Hugging Face é uma plataforma que oferece uma ampla variedade de modelos pré-treinados para tarefas de processamento de linguagem natural (NLP). Usar esses modelos permite que você aplique técnicas avançadas de NLP sem precisar treinar um modelo do zero.

## Tokenizadores

Tokenização é o processo de converter texto em tokens, que são as unidades básicas que os modelos de NLP processam.
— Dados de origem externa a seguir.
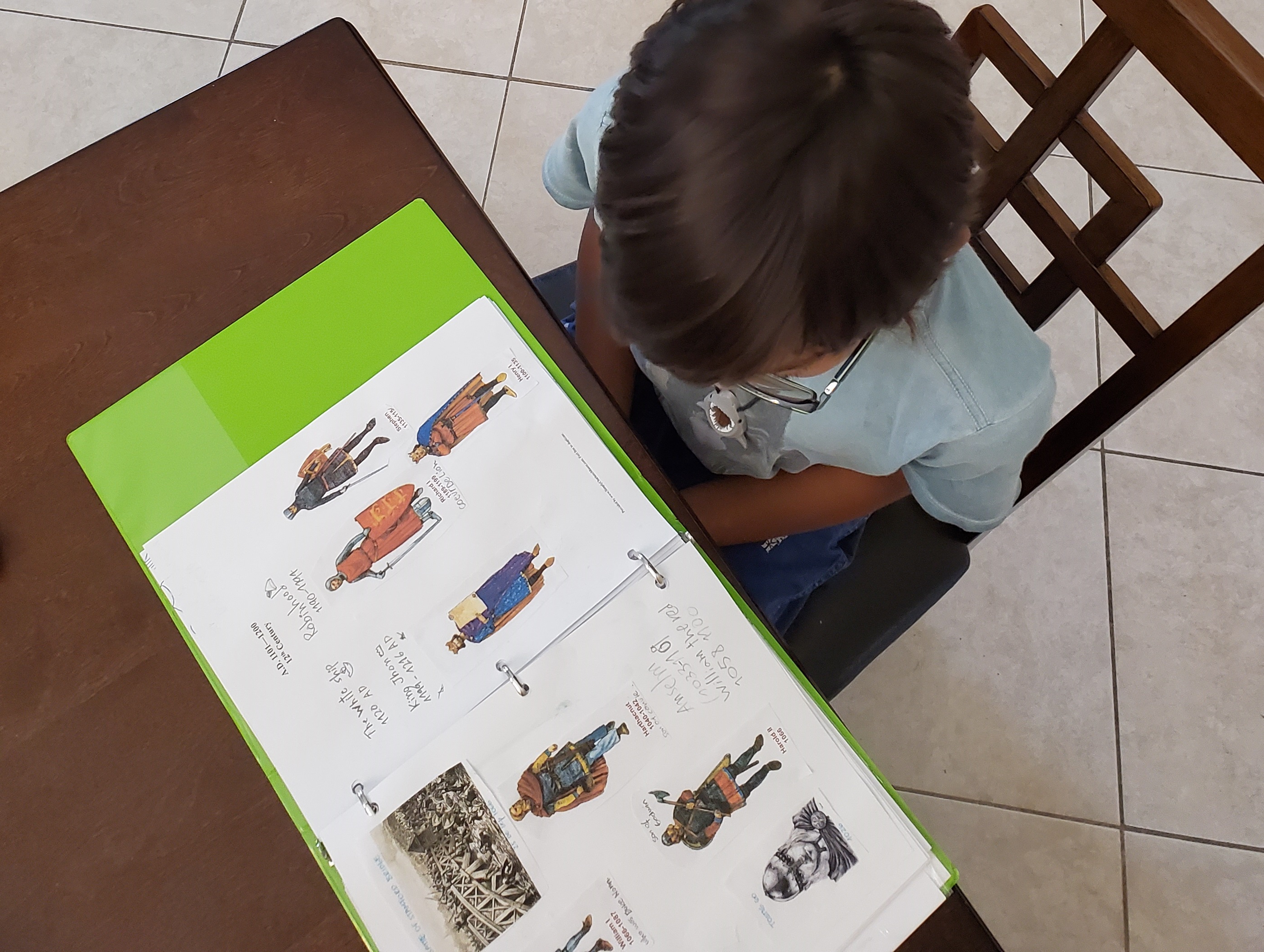 Línea de tiempo y ubicación en Mapa: Esta actividad la hacemos semanalmente y si las lecturas nos proveen de datos para colocar en nuestra línea de tiempo o en un mapa específico. La línea de tiempo es solo una carpeta que esta repartida por siglos antes y después de Cristo, a veces Omelette copia el nombre del evento o del personaje y las fechas, lo acompaña en algunas ocasiones con dibujos y otras veces con recortes.

A Hugging Face fornece tokenizadores para diferentes modelos, que geram tokens compatíveis com o modelo que será utilizado.

Nesta seção, aprenderemos como carregar e utilizar tokenizadores com Hugging Face.

In [3]:
from transformers import GPT2Tokenizer, BertTokenizer

# Carregando tokenizadores para GPT-2 e BERT
gpt2_tokenizer = GPT2Tokenizer.from_pretrained("gpt2")
bert_tokenizer = BertTokenizer.from_pretrained("bert-base-uncased")

The secret `HF_TOKEN` does not exist in your Colab secrets.
To authenticate with the Hugging Face Hub, create a token in your settings tab (https://huggingface.co/settings/tokens), set it as secret in your Google Colab and restart your session.
You will be able to reuse this secret in all of your notebooks.
Please note that authentication is recommended but still optional to access public models or datasets.


tokenizer_config.json:   0%|          | 0.00/26.0 [00:00<?, ?B/s]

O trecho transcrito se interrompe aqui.